In recent years, behavioral sciences, or ways to better understand determinants of human behavior, have emerged as a leading innovation across disciplines and sectors. These novel methods and data allow us to measure what incentivizes individual and group behavior to inform numerous interventions; for example, targeted online marketing, incentives for healthier eating, improved educational pedagogy, enhanced community policing protocols, effective policy design for compliance with public health ordinances or paying taxes. Lab in the field experiments, in particular, are one of the gold standards to test behavior using a method that most closely resembles real life. Training in behavioral sciences is a critical skill for students to master across disciplines, and is one of the most exciting developments for bridging the gap between theory and practice with proven potential to achieve real world impacts.
MIT GOV/LAB will launch a new 4-week short course over January term (IAP 2020) that trains graduate students from MIT and local universities in East Africa in cutting-edge behavioral science research. The course will provide students with practical experience in implementing a lab in the field experiment. We are excited to partner with the Busara Center for Behavioral Economics, who will host the course in their headquarters in Nairobi, Kenya. Busara is a pioneering research organization dedicated to advancing and applying behavioral science in the Global South.
Course goals
Graduate students participating in the course will gain hands-on experience in designing and implementing behavioral experiments in the field. Students will come away with a novel behavioral game and data for an academic publication. Other outcomes include:
- Developing, testing, and iterating on this new practicum model for teaching behavioral experiments in the field, using cutting-edge methods and applied, interactive pedagogy;
- Providing students with the opportunity to engage with diverse communities and local researchers, through hands-on experience in a developing country setting; and,
- Creating an international learning exchange through the cross-cultural and multi-disciplinary cohort of MIT and East African students
The course is innovative in enabling MIT graduate students to learn, design, and implement behavioral experiments in the field.
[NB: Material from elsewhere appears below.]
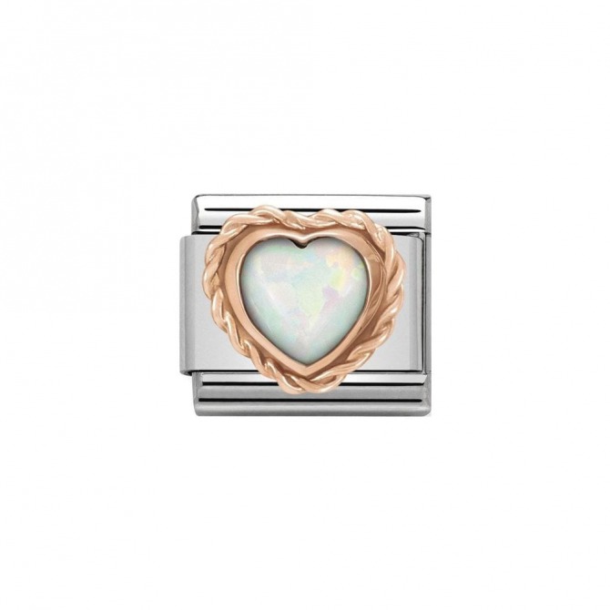 Original tile for Composable bracelet in Steel, rose gold and White opal, in the shape of a heart. Made in Italy. The link dedicated to love. Ideal for an October Birthday.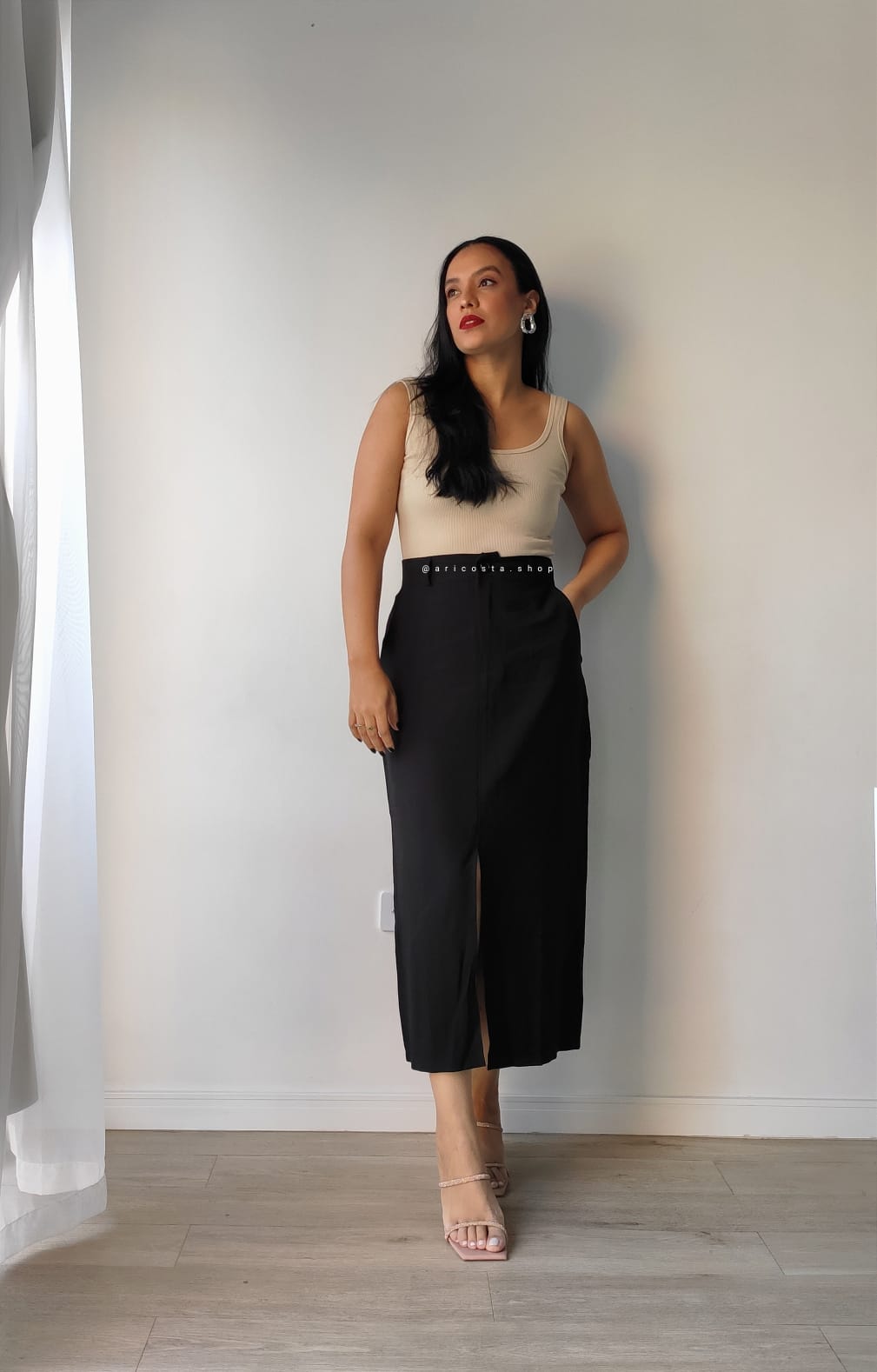 Saia Semi Midi com fenda frontal, no tecido Marrant ( uma mistura de viscose, algodão e poliester) não tem elastano, cintura alta, fecho e botão para fechamento, possui elástico na parte de trás da cintura e passador de cinto.

Typically this material is only learned in a classroom through course lectures and readings. The course is novel in bringing students directly to the location of their research subjects in Kenya. It allows students to develop lab experiments while being embedded within Kenya’s social, economic, and political context.
Who is eligible?
In its first iteration, the course will have limited enrollment and be open to MIT graduate students and East African researchers. To encourage innovative thinking beyond disciplinary boundaries, the course will be open to graduate students in the social sciences more broadly (e.g. political science, economics, business, cognitive science). All applicants are expected to have taken at least one year of statistics or econometrics (or the equivalent) and to be familiar with experimental methods.
For MIT students, apply here by October 20, 2019. For East African students, apply here. Questions? mitgovlab@mit.edu.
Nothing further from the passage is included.